The major surgeries are done to replace a segment of the expanded aorta in a bid to lower the risk of developing severe complications. The replacement of the swollen part of the artery should be done before it has expanded a lot. When the aorta grows to a specific thickness, usually more than 5cm in diameter, it can tear easily, requiring an emergency operation to avert the situation. A portion o the aorta should be replaced when it exceeds the 4.5cm mark. Another importance of operating the heart early is to prevent tearing it during operation if it has grown past the 5cm mark.
Earlier, it has also been shown that the condition affects the person’s ability to see through the dislocation of the lenses, development of cataracts, and buildup of pressure within the eyeball or glaucoma. These conditions can cause an individual to lose their eyesight if not handled correctly and in good time. Conditions like glaucoma can cause permanent damage to the eye, but when managed properly, an individual can see for a longer time. Glasses or contact lenses are offered to correct impaired eyesight due to dislocated lenses.

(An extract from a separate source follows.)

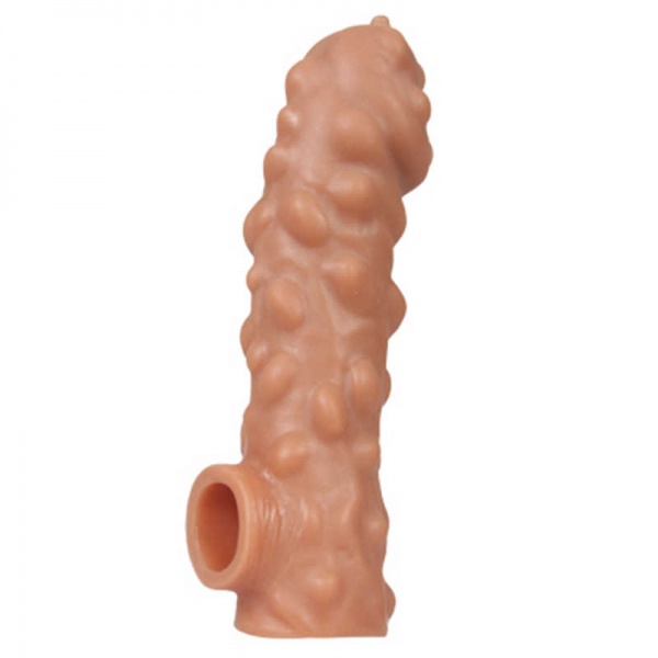 Используйте насадку для пениса Extreme Sleeve Res 003 для того, чтобы усилить ощущения женщины при половом акте. Это великолепный инструмент для получения удовольствия, помогающий даме получить глубокую сексуальную разрядку. Поверхность насадки покрыта хорошо заметными бугорками, которые массируют внутреннюю поверхность влагалища в процессе фрикций. Ультрамягкий термопластичный эластомер делает переживания особенно чувственными и реалистичными. Более того, благодаря снижению чувствительности и фиксации мошонки, мужчина может совершать любовный акт очень долгое время. Аксессуар имеет очень эффектный реалистичный дизайн с крайне выраженным рельефом, состоящим из жилок, складок и бугорков. В основании присутствует отверстие, выполняющее функцию кольца для мошонки. Модель представлена в размере Large, ее длина в исходном состоянии 17,6 см., диаметр 5,1 см.

People with Marfan syndrome also need psychological support to help them deal with their situation. As seen in the documentary, people with the syndrome get emotional at times, wondering, and worrying about their conditions. Family members also go through a hard sensitive time worrying about those of them with the syndrome. The situation is especially difficult for young people who are trying to blend in society only to realize that they cannot lead healthy lives like other people. Appropriate psychological assistance is, therefore, necessary to cater to the emotional needs of individuals with Marfan syndrome and their families.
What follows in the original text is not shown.